Now, researchers from Uppsala University in Sweden, the European Synchrotron Radiation Facility (ESRF) and the University of Cambridge, have shed new light on the life cycles of one of the most iconic transitional animals between fishes and land mammals, and subsequently, the 'conquest' of land by tetrapods.
In a study published in the journal Nature, the team have shown that the fossils of the 360 million-year-old tetrapod Acanthostega are not adults, as previously thought, but in fact juveniles. The conclusion was based on high-resolution X-ray scans of fossil limb bones performed at ESRF facilities.
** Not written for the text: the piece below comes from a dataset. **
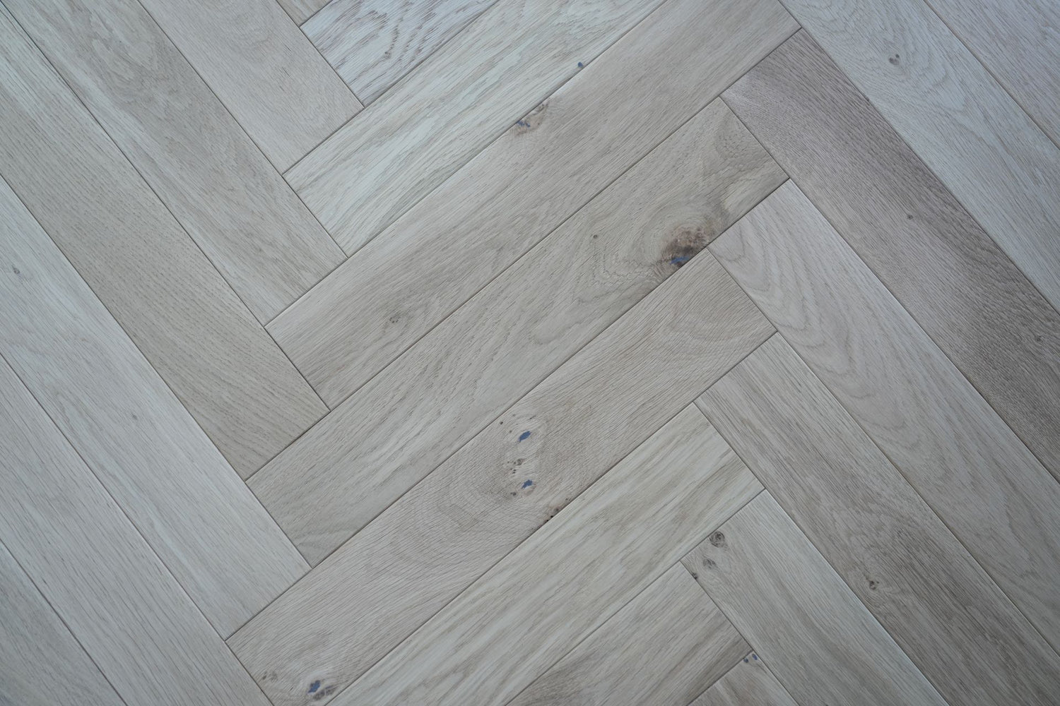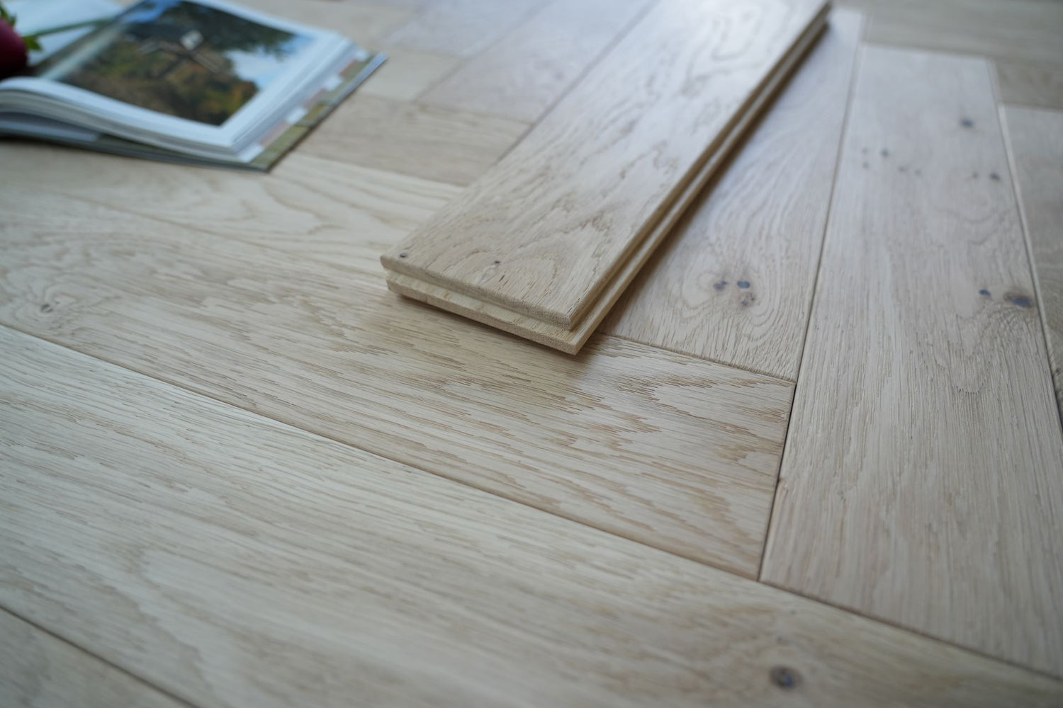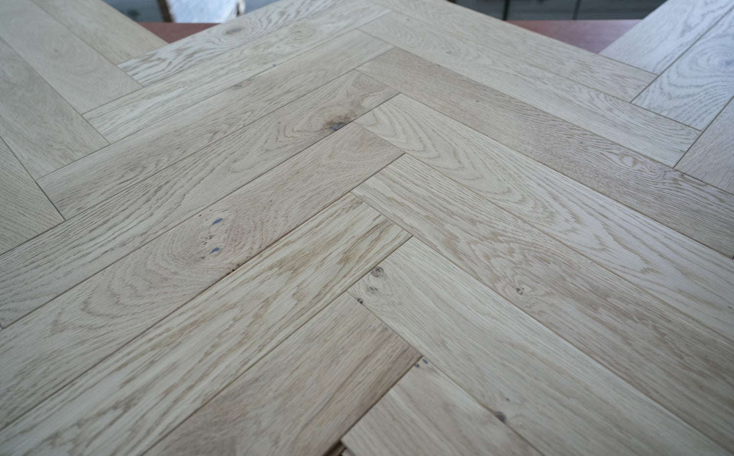 Et naturligt, flot og ubehandlet sildebensparket i massiv eg, som du kan sætte dit eget præg på.

The fossils were taken from a huge deposit of Acanthostega remains in Greenland, discovered in 1987 by Jennifer Clack, one of the authors of the study. The team examined the life history of these bones by investigating their internal structure.
The team's findings raise questions regarding the whereabouts of the adult Acanthostega. Were there segregated distributions of juveniles and adults, at least at certain times? Or could it possibly mean, that the tetrapods started their life as aquatic animals and then progressed onto land. More research will be needed to determine this.
The tetrapods' move onto land was arguably one of the most radical adaptive shifts in the evolutionary history of animals. "Our study provides a first glimpse of the life-history traits of an early tetrapod. We plan to undertake a more complete survey of early-tetrapod life histories which should have a significant impact on theories depicted in all textbooks" said Sophie Sanchez, the lead author of the publication.